I think there are a lot of winners here. Your code executed fastest for
one problem. It's quite difficult to filter out a single winner. A lot
of different problems has to be defined. So, the person owning the
problem formulation privilege, has all the power. One remedy for this
would be to let every participant suggest one problem (start and target)
each. Then every solver has to solve all suggested problems, and the
solvers will get a score according to their rank for each individual
problem. That's a lot to administer. A cut off time has to be decided,
say one second. And then we have the problem with "dirty" integers, some
solutions leave after execution. Should the clean up time be included?

"Dirty" Integer: By attaching data to the Integer objects, like "parent"
and "queue", Arrays can be avoided. But the next call to "solve" will be
affected, if the Integers are not clean. See Quiz#60.20, line 2.

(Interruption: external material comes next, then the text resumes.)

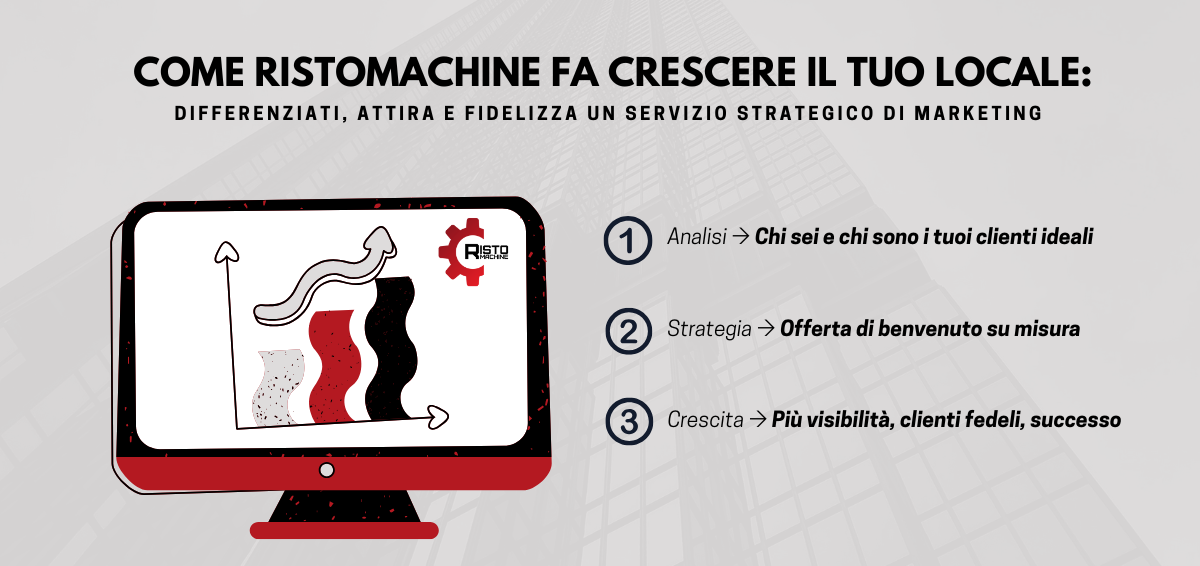 Con la giusta strategia e un partner competente, il vostro locale può emergere dall’anonimato. L’offerta di benvenuto, costruita su misura per il vostro target, è il primo passo per convertire curiosi in clienti abituali e aumentare stabilmente i profitti.

As I submitted this Quiz, I wouldn't like to be part af that contest.

> Did you do other things than eliminating method calls?

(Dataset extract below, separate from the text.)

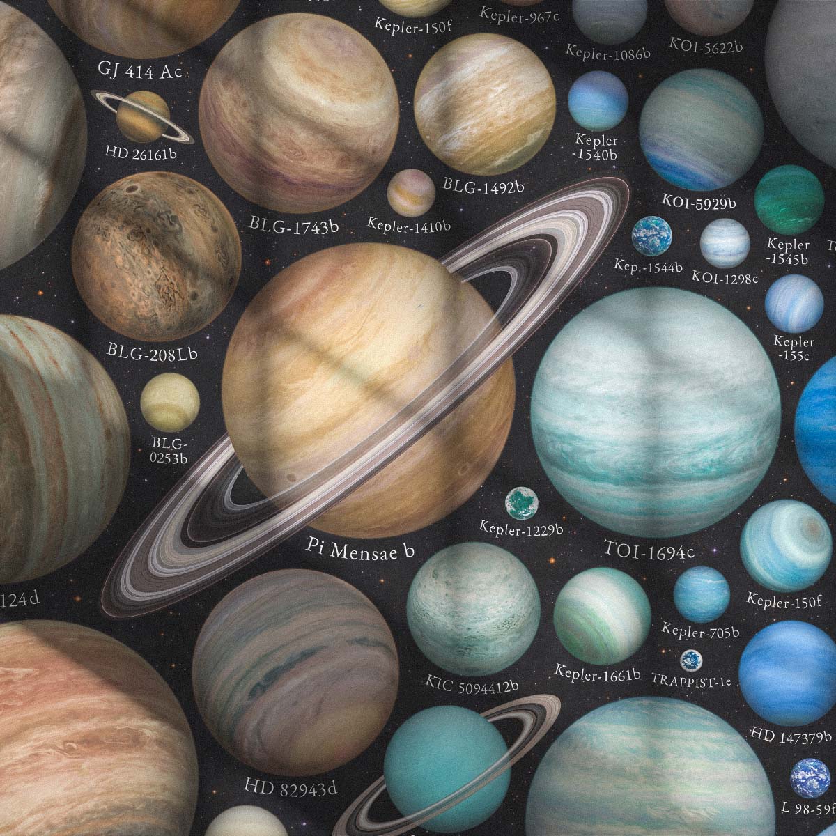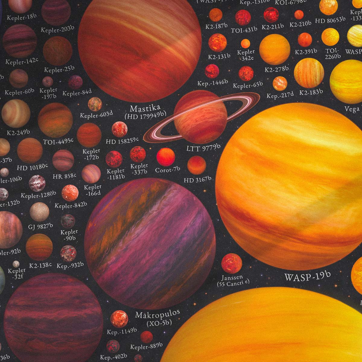 Every planet on this map is based on real data, bringing an artistic yet scientifically accurate representation of our expanding knowledge of the universe.

Inline code only account for an improvement of 7%, so the answer is yes.

> If you did other things, I'd be interested to see it, still.

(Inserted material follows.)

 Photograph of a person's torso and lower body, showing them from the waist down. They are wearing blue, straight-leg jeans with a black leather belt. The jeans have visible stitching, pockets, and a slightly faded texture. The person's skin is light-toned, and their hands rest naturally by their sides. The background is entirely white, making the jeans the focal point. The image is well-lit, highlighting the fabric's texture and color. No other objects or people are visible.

I've sent the code to James. Eventually it will published in his
wrap-up. If not, it will be submitted to the ML.

> However, I need 21 seconds for 868056 -> 27 so I would assume that
> searching for prefixes, or the approach from two sides has lots of potential.

Agreed, searching from two sides could probably gain a lot. If we have a
distance from start to target of 10, with an average branching factor of
2, the workload should be proportional to 1024. Starting from both
sides, the workload should be something like 32 + 32 = 64, with a
potential of being 16 times faster. I haven't even tried this approach,
yet.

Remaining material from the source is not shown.